Protein Post-translational Modification Analysis
Di-Sulfide Bond Localization Services
For many proteins and peptides, disulfide bridges are prerequisite for their proper biological function. Many commercialized proteins are cross-linked by disulfide bridges that increase their resistance to destructive effects of extreme environment used in industrial processes or protect protein-based therapeutics from rapid proteolytic degradation. Manufacturing of these products must take into account oxidative refolding—a formation of native disulfide bonds by specific pairs of cysteines located throughout a sequence of linear protein.

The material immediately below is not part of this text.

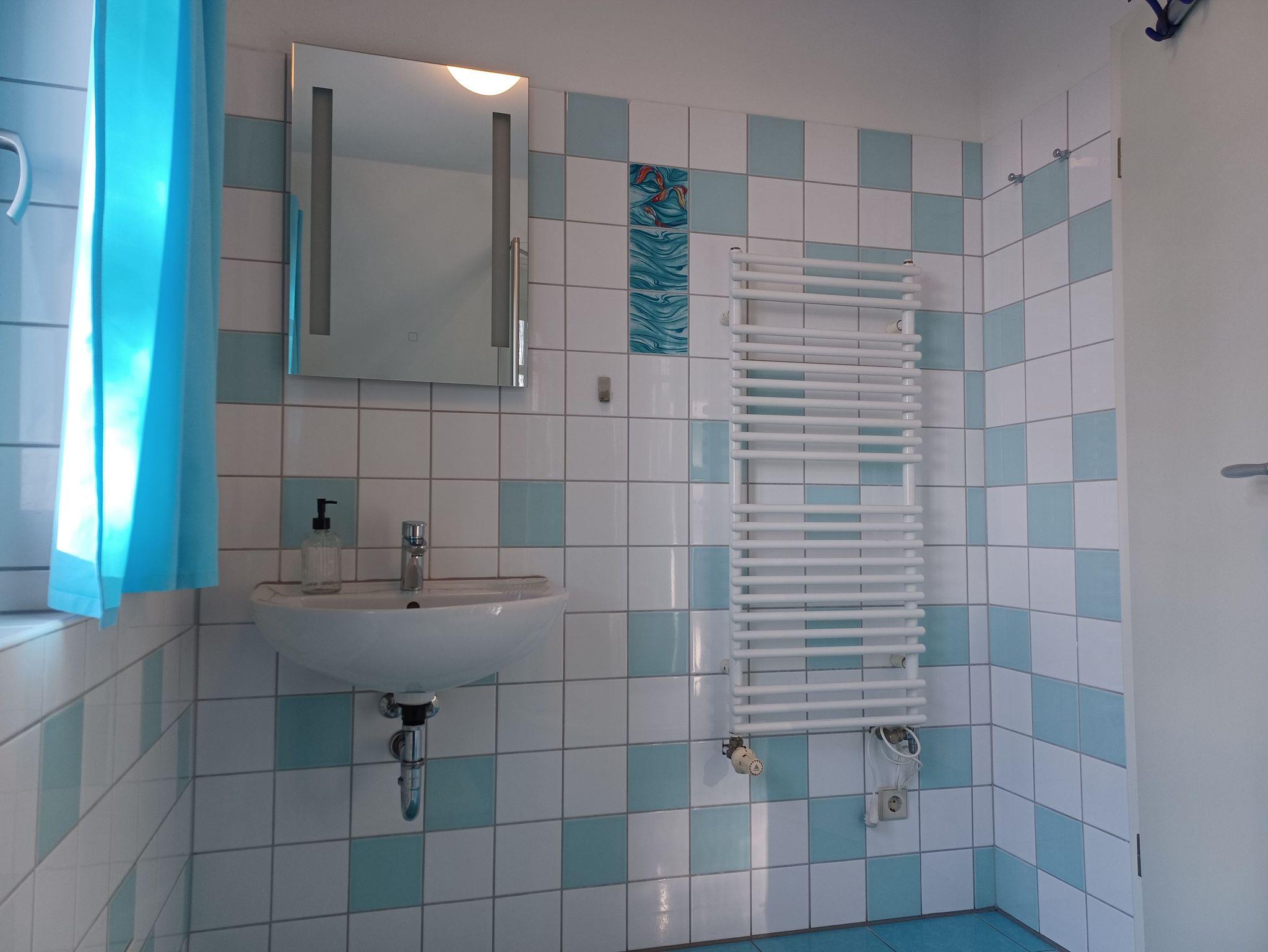 Das Badezimmer ist mit Dusche, WC und Fön ausgestattet.

Glycosylation Analysis of Protein
Glycosylation, the attachment of sugar moieties to proteins, is a post-translational modification (PTM) that provides greater proteomic diversity than other PTMs. Glycosylation is critical for a wide range of biological processes, including cell attachment to the extracellular matrix and protein-ligand interactions in the cell. This PTM is characterized by various glycosidic linkages, including N-, O- and C-linked glycosylation, glypiation (GPI anchor attachment) and phosphoglycosylation. Glycoproteins can be detected, purified and analyzed by different strategies, including glycan staining and visualization, glycan cross-linking to agarose or magnetic resin for labeling or purification, or proteomic analysis by mass spectrometry, respectively.
Methylation Services
The transfer of one-carbon methyl groups to nitrogen or oxygen (N- and O-methylation, respectively) to amino acid side chains increases the hydrophobicity of the protein and can neutralize a negative amino acid charge when bound to carboxylic acids. Methylation is mediated by methyltransferases, and S-adenosyl methionine (SAM) is the primary methyl group donor. Methylation occurs so often that SAM has been suggested to be the most-used substrate in enzymatic reactions afterATP. Additionally, while N-methylation is irreversible, O-methylation is potentially reversible.